*** DATA BLOCK Section Begins ***
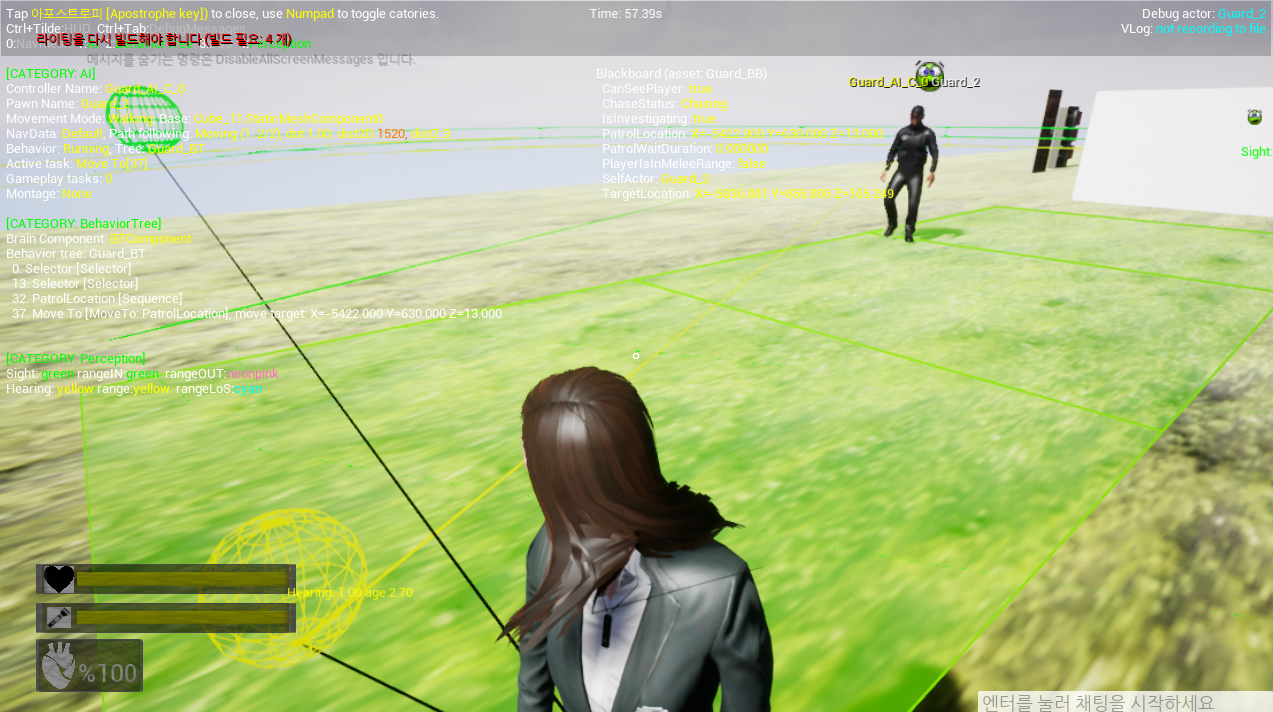 AI는 시각, 청각을 이용하도록 만들었고 쫒아오는 도중 잃어버리거나 안보이는 곳에서 소리가 들렸을때 등 시각, 청각을 모두 이용하여 플레이어들을 찾고 쫒아오고 지정한 구역은 Patrol 하거나 랜덤한 지역을 Patrol 하게 만들었다.
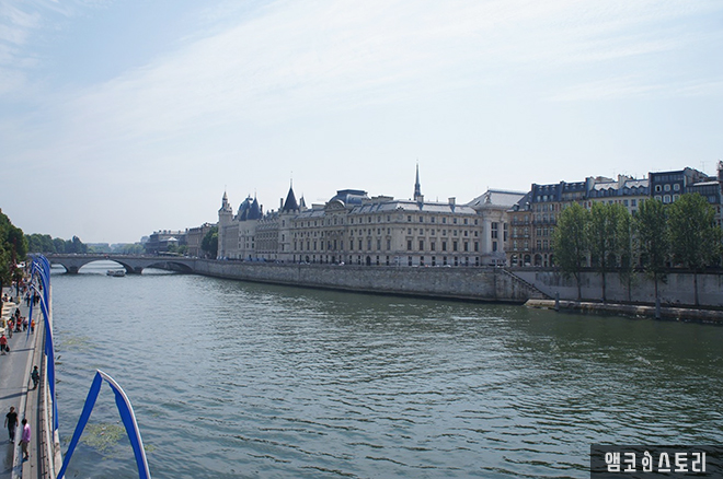 숙소 바로 근처에 퐁네프 다리가 있다. 다리 위에서 둘러보니 정말 멋스러운 건물들이 센 강을 따라 줄지어 있다. 저 강 건너편 길게 있는 건물이 우리의 첫 번째 목적지인 콩시에르주리다.
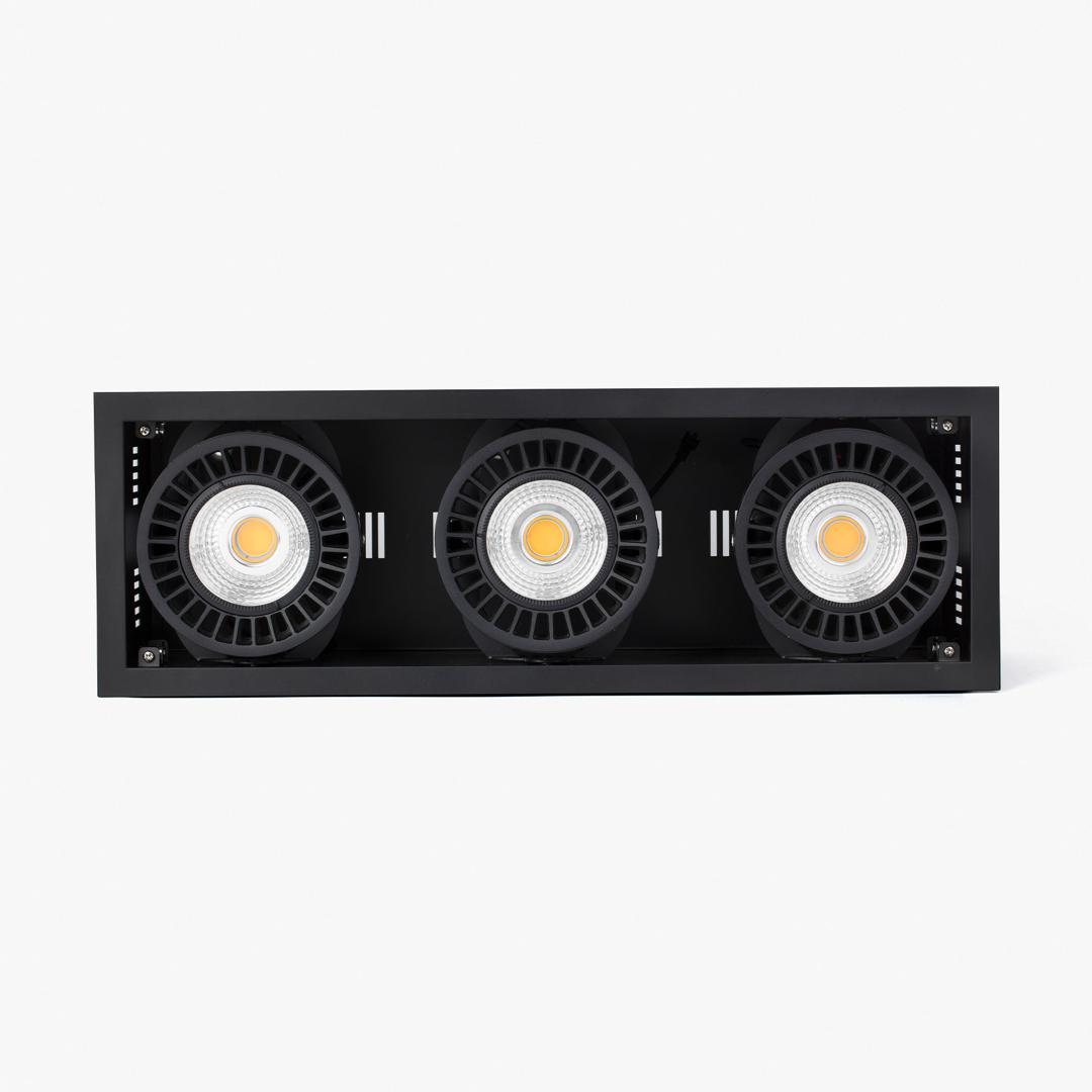 COLIN-3 представляет собой встраиваемый светильник карданного типа черного цвета с углом освещения 56° и мощностью 72-108 Вт. Идеально подходит для освещения моды.
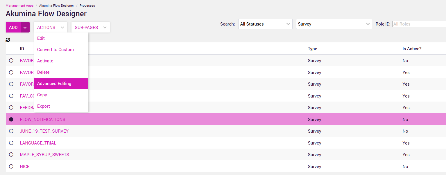*Note you can only modify a flow when is Active = No
*** DATA BLOCK Section Ends ***
### EXERCISE DESCRIPTION
Where the material above includes pictures, omit them and retype everything else exactly.

### WRITTEN RESPONSE
 AI는 시각, 청각을 이용하도록 만들었고 쫒아오는 도중 잃어버리거나 안보이는 곳에서 소리가 들렸을때 등 시각, 청각을 모두 이용하여 플레이어들을 찾고 쫒아오고 지정한 구역은 Patrol 하거나 랜덤한 지역을 Patrol 하게 만들었다.
 숙소 바로 근처에 퐁네프 다리가 있다. 다리 위에서 둘러보니 정말 멋스러운 건물들이 센 강을 따라 줄지어 있다. 저 강 건너편 길게 있는 건물이 우리의 첫 번째 목적지인 콩시에르주리다.
 COLIN-3 представляет собой встраиваемый светильник карданного типа черного цвета с углом освещения 56° и мощностью 72-108 Вт. Идеально подходит для освещения моды.
*Note you can only modify a flow when is Active = No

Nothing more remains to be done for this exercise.